# Pushing more than blowing?



## burnt03

MTD 10/28, not sure of the year but probably late 90s or early 2000s.

I'm pretty new to snow blowers so maybe this is normal.... while I'm running it, I get good distance out from the impeller (bolted on some rubber flaps to each vane) but it doesn't seem to collect the snow well into the auger? (Even at the slowest wheel speed and fairly light snow) Quite a bit just gets pushed to either side of the chute and I leave big windrows that I have to go over again.

Is this normal or is it something I can adjust? (Auger speed up or something?)

Thanks!


----------



## nwcove

read i similiar post about that issue, any chance someone had the front end of that machine apart and put the augers on the wrong sides?


----------



## cranman

Either that or the shearpins are missing and not pulling the snow in...


----------



## jtclays

If you look at the machine from the bad side (as it would be coming at you) you should see

////////// O \\\\\\\\\ not \\\\\\\ O ///////

Check the shear pins to see if they are in fact there. Likely not your problem, but a 2 stage in light snow needs to go fast enough to load up the bucket. Light snow and slow travel speed aren't the perfect scenario for a 2 stage. Are you sure the augers are in fact rolling forward?
May take few minutes of help from a neighbor or spouse to watch as you approach snow. Easy test is do it right into the biggest pile you have and have them watch to make sure the augers are rolling toward them (obviously at a safe distance) and that they never pause. If they are in fact ////// 0 \\\\\\ and are rolling forward toward the observer they should never pause. If they do you either have sheared impeller shaft pins, or the gear box has gone away on you.


----------



## burnt03

It looks like the leading edge of the blades are leaning out.... I bought it off a guy down the road and he had a few things bolted on wrong so it's possible they're switched up? I've attached a photo.










I'll have to double check whether it's rolling fwd and if it's stalling out or not. Shear pins are both fine.


----------



## sscotsman

Thats 100% the problem..the augers are backwards!
The one on the right needs to switched to the left, and the one on the left needs to be switched to the right.
then it will work correctly..

the way it is set-up now, the augers are spinning snow to the outside edges of the bucket, rather than toward the center of the bucket.










Scot


----------



## drmerdp

That's funny, by the looks of it those don't look like shear bolts. Might wanna make sure those bolts are designed to shear, like a grade 2.


----------



## burnt03

That's bizarre, maybe that's why they sold it lol. Next question, how do I remove the augers? I removed the shear pins (not shear pins, class 5 bolts....) and the 6 mounting bolts on either side of the auger. Looks like a couple roll pins holding the shaft to the centre of the impeller... pull one of those out and rotate it?


----------



## guyl

burnt03 said:


> It looks like the leading edge of the blades are leaning out.... I bought it off a guy down the road and he had a few things bolted on wrong so it's possible they're switched up? I've attached a photo.
> 
> 
> 
> 
> 
> 
> 
> 
> 
> I'll have to double check whether it's rolling fwd and if it's stalling out or not. Shear pins are both fine.
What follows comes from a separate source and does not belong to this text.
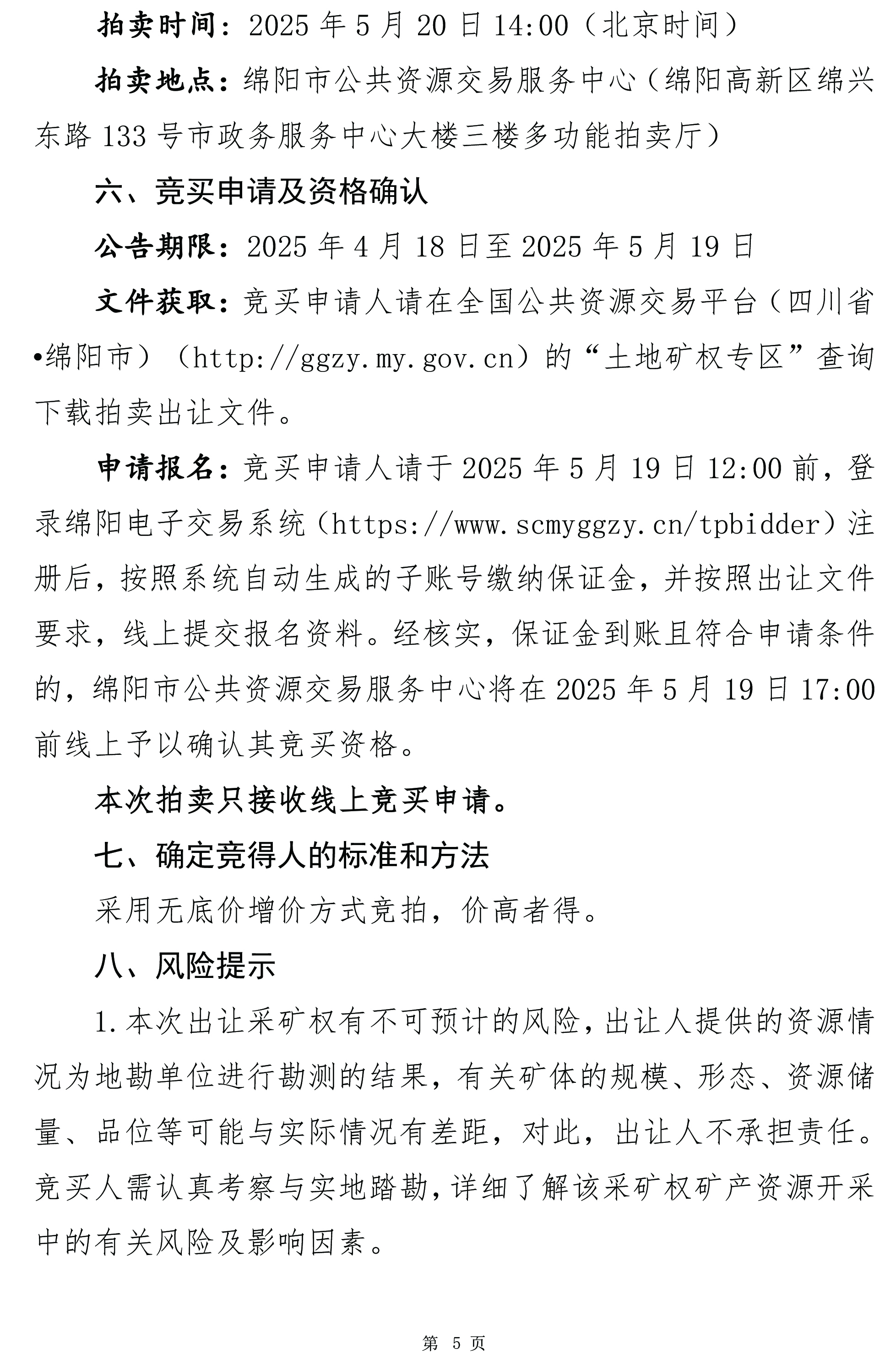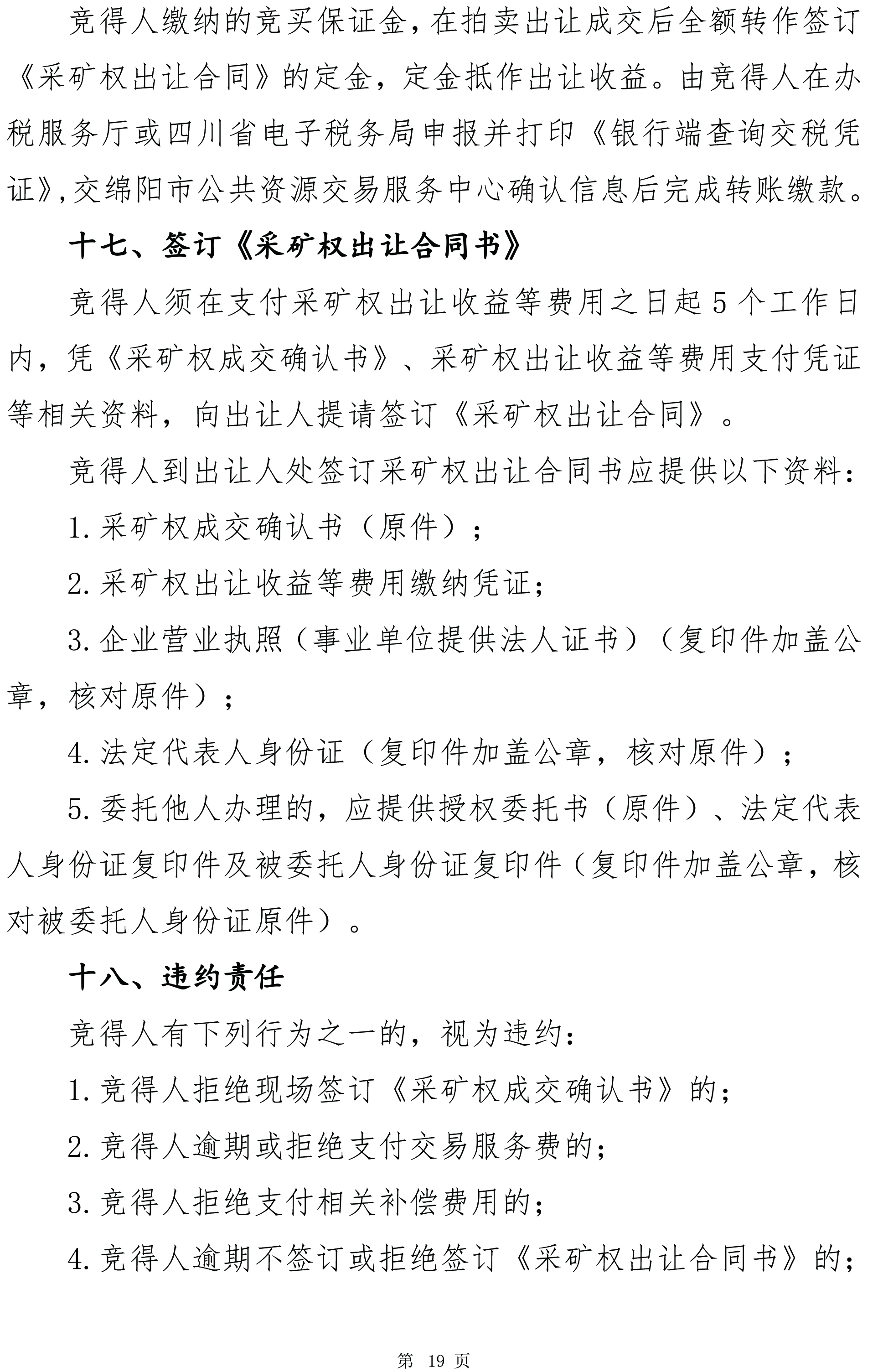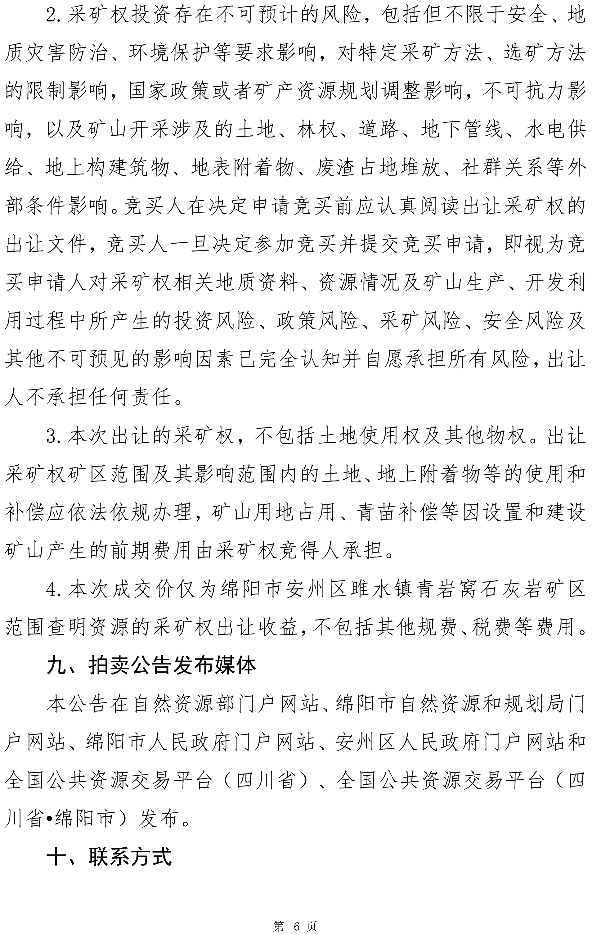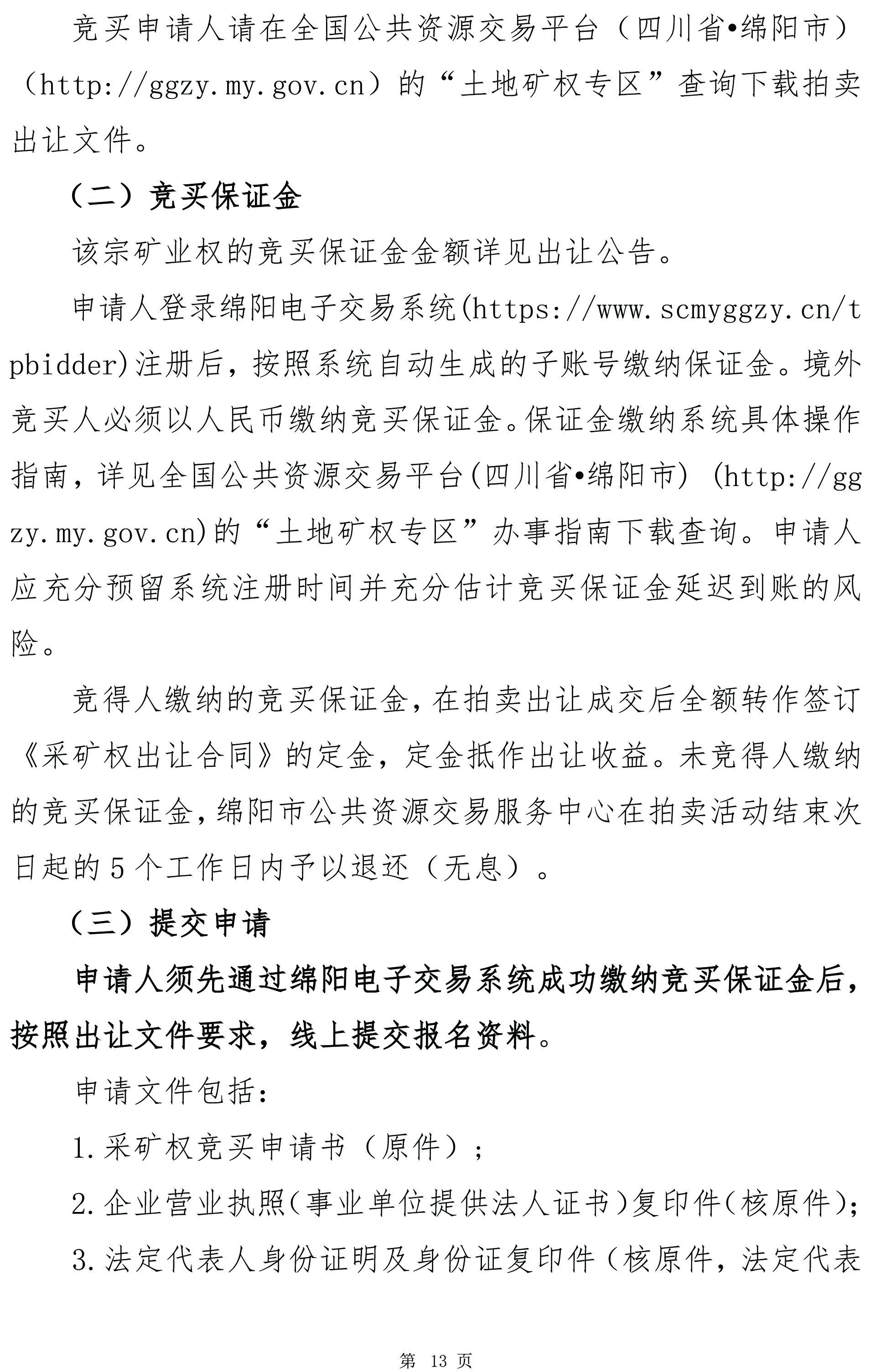 綿陽市安州區(qū)雎水鎮(zhèn)青巖窩石灰?guī)r礦拍賣出讓文件(編號:綿礦招拍掛〔2025〕3號)

No wait...that's how they're configured for use in Australia, where water in the drain spins the other way!

Hehe, seriously that's a really dumb mistake whoever put them on that way.


----------



## drmerdp

You need to separate the bucket from the rest of the machine. Typically 4 bolts and the two halves of the machine will fall apart.

From there the auger pulley will need to be removed. Then the impeller/auger shaft with gearbox and augers gets pulled out of the impeller bushing as an assembly.

Before you remove the assembly take a moment to check for play in the impeller bushing. It's brass and wears out. It can be real difficult to slide he shaft out of the bushing but since it's clearly been removed at least once before, it shouldn't be too bad.


----------



## burnt03

Got them flipped and working on putting it back together... came up w another question. What sort of oil goes into the gearbox between the two augers? How full should it be filled? Thanks. 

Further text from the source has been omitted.